The imposing north-eastern cliffs, riven by gullies, rise some 600 ft from the Esk Hause path. Their orientation ensures that the sun rarely reaches them, the gullies often retaining snow well into the spring. From the left when viewed from below the principal fissures are South East Gully, Central Gully and Cust's Gully (see below). To the west of the cliffs a ridge descends more gradually in the general direction of Sty Head. This is known as The Band, and it too sports a harsh gash across its features. On the western side of The Band is the deep ravine of Skew Gill, a tributary of Wasdale-bound Lingmell Beck. At the base of The Band the ridge continues as the complex top of Seathwaite Fell, replete with numerous tarns. The largest is Sprinkling Tarn with its beautifully indented shoreline providing perfect foreground for views of the cliff.

Sty Head is one of the focal points of the District for walkers. The name strictly applies to the col between Great End and Great Gable at a height of 1560 ft, but is now more generally given to the path which crosses it. This connects two of the most popular starting points for walks in the high fells, Wasdale Head and Seathwaite. Sty Head is also a walker's crossroads with other paths leading direct up Great Gable and following the outflow of Sprinkling Tarn up to Esk Hause.

Westward from the summit Great End makes a rocky descent toward the arms of Lingmell Beck. This flank is crossed by the Corridor Route, the popular path to Scafell Pike from Sty Head. Above the path are the subsidiary top of Round How (a Nuttall) and the tiny, beautifully clear tarn of Lambfoot Dub.

The southward ridge to the Scafells crosses a shallow saddle and then climbs over Ill Crag and Broad Crag, a well-blazoned path leading across the stony terrain to the summit of Scafell Pike. To the east of the first depression is Calf Cove, its easy slopes leading down to Esk Hause.

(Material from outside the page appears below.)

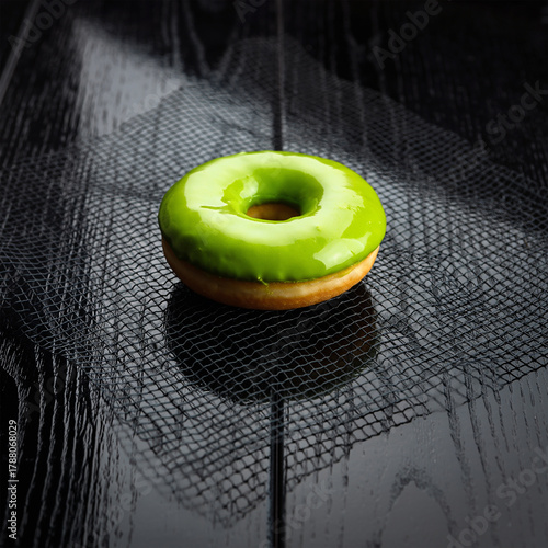 © image@9, Fototapeta premium Vibrant Green Glazed Donut on Black Textured Wooden Surface

The summit has two cairns of very similar height, that to the north-west being nearer to the cliff edge and having the better view. Northwards along Borrowdale the vista is unsurpassed, but the whole panorama is excellent. The heads of the gullies can also be approached for startling views down the face.

==Geology==
The summit is formed by the laminated volcaniclastic claystone and siltstone of the Esk Pike Formation overlying the dacitic welded lapilli tuff of the Lincomb Tarns Formation. The latter is revealed in the great north front.

==Ascents==
Great End may be ascended from Sty Head Tarn via The Band (not to be confused with the more famous Band on Bowfell), from Wasdale Head along Lingmell Gill and Spouthead Gill, from Borrowdale via Grains Gill, from Great Langdale via Rossett Gill and Esk Hause, or from Eskdale. As an intermediate objective Great End may easily be climbed from the main path between Esk Hause and Scafell Pike, requiring only a detour of some 400 m.

==Cust's Gully==
Cust's Gully at the western end of Great End's cliffs is named after 19th-century pioneer climber and sketcher Arthur Cust, a classical scholar from Yorkshire also known for his watercolour sketches of the Matterhorn and Mont Blanc. Cust's Gully is a Grade 1 rock climb, but a difficult obstacle for walkers ascending from Sprinkling Tarn. Cust's first winter ascent of the gully was recorded in 1880, although he is thought to have ascended it earlier.